BMI Affirmed as Good Screening Tool for Youth With Elevated Adiposity: Daily Dose / Image Credit: ©New Africa/AdobeStock
©New Africa/AdobeStock

Patient Care brings primary care clinicians a lot of medical news every day—it’s easy to miss an important study. The Daily Dose provides a concise summary of one of the website's leading stories you may not have seen.

Last week, we reported on findings from a study published in Pediatrics that examined the cross-sectional relation of body mass index (BMI) to adiposity among children aged between 8 and 19 years.

The study

The researchers tapped the National Health and Nutrition Survey (NHANES) for data on 8- to 19-year-olds with full-body DXA scans from 2011 to 2012 through 2017 to 2018. The primary outcome for adiposity was the fat mass index (FMI), which is often used for its independence of lean mass and the potential for a stronger relation to obesity-related diseases than %fat. They also analyzed the relation of BMI to lean BMI (LMI). Participants were scanned with dual-energy x-ray absorptiometry (DXA).
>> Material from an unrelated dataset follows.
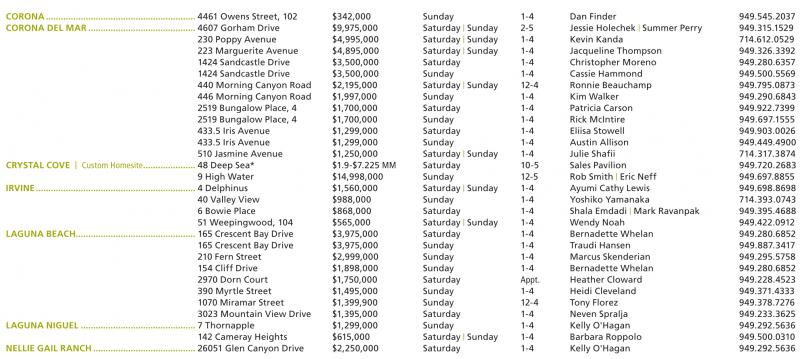 CORONA............................................................ 4461 Owens Street, 102 $342,000 Sunday 1-4 Dan Finder 949.545.2037 CORONA DEL MAR........................................... 4607 Gorham Drive $9,975,000 Saturday | Sunday 2-5 Jessie Holechek | Summer Perry 949.315.1529 230 Poppy Avenue $4,995,000 Saturday | Sunday 1-4 Kevin Kanda 714.612.0529 223 Marguerite Avenue $4,895,000 Saturday | Sunday 1-4 Jacqueline Thompson 949.326.3392 1424 Sandcastle Drive $3,500,000 Saturday 1-4 Christopher Moreno 949.280.6357 1424 Sandcastle Drive $3,500,000 Sunday 1-4 Cassie Hammond 949.500.5569 440 Morning Canyon Road $2,195,000 Saturday | Sunday 12-4 Ronnie Beauchamp 949.795.0873 446 Morning Canyon Road $1,997,000 Sunday 1-4 Kim Walker 949.290.6843 2519 Bungalow Place, 4 $1,700,000 Saturday 1-4 Patricia Carson 949.922.7399 2519 Bungalow Place, 4 $1,700,000 Sunday 1-4 Rick McIntire 949.697.1555 433.5 Iris Avenue $1,299,000 Saturday 1-4 Eliisa Stowell 949.903.0026 433.5 Iris Avenue $1,299,000 Sunday 1-4 Austin Allison 949.449.4900 510 Jasmine Avenue $1,250,000 Saturday | Sunday 1-4 Julie Shafii 714.317.3874 CRYSTAL COVE | Custom Homesite..................... 48 Deep Sea* $1.9-$7.225 MM Saturday 10-5 Sales Pavilion 949.720.2683 9 High Water $14,998,000 Sunday 12-5 Rob Smith | Eric Neff 949.697.8855 IRVINE................................................................ 4 Delphinus $1,560,000 Saturday | Sunday 1-4 Ayumi Cathy Lewis 949.698.8698 40 Valley View $988,000 Sunday 1-4 Yoshiko Yamanaka 714.393.0743 6 Bowie Place $868,000 Saturday 1-4 Shala Emdadi | Mark Ravanpak 949.395.4688 51 Weepingwood, 104 $565,000 Saturday | Sunday 1-4 Wendy Noah 949.422.0912 LAGUNA BEACH................................................ 165 Crescent Bay Drive $3,975,000 Saturday 1-4 Bernadette Whelan 949.280.6852 165 Crescent Bay Drive $3,975,000 Sunday 1-4 Traudi Hansen 949.887.3417 210 Fern Street $2,999,000 Sunday 1-4 Marcus Skenderian 949.295.5758 154 Cliff Drive $1,898,000 Sunday 1-4 Bernadette Whelan 949.280.6852 2970 Dorn Court $1,750,000 Saturday Appt. Heather Cloward 949.228.4523 390 Myrtle Street $1,495,000 Sunday 1-4 Heidi Cleveland 949.371.4333 1070 Miramar Street $1,399,900 Sunday 12-4 Tony Florez 949.378.7276 3023 Mountain View Drive $1,395,000 Saturday 1-4 Neven Spralja 949.233.3625 LAGUNA NIGUEL.............................................. 7 Thornapple $1,299,000 Sunday 1-4 Kelly O'Hagan 949.292.5636 142 Cameray Heights $615,000 Saturday | Sunday 1-4 Barbara Roppolo 949.500.0310 NELLIE GAIL RANCH ......................................... 26051 Glen Canyon Drive $2,250,000 Saturday 1-4 Kelly O'Hagan 949.292.5636

The final cohort numbered 6923, comprising 3584 boys and 3339 girls.

The findings

The investigators reported the prevalence of high BMI in girls as 19.5% and boys 20.6% (P <.05). They found much larger proportional differences in FMI and %fat. Girls had mean levels approximately 30% higher than boys. Mean LMI, however, was 10% higher for boys. Sex differences for FMI, %fat, and LMI were all statistically significant (P <.001).

Age, they found, accounted for very little (1% to 11%) of the variability seen in FMI or %fat but in boys accounted for 47% and in girls 26% of variability in LMI. Adding BMI to these models, however, “substantially increased their explained variance," with the combination accounting for 90% to 94% of variability in LMI and FMI and 68% to 71% of variability in percentage of body fat.

Authors' comment

"Although the prediction was not perfect, a BMI ≥ CDC 95th percentile was a very good indicator of a high FMI and a good indicator of high %fat. Participants with a high BMI were 29 times more likely to have a high FMI than those with lower BMIs. Our findings provide further evidence of the utility of BMI in research and clinical care."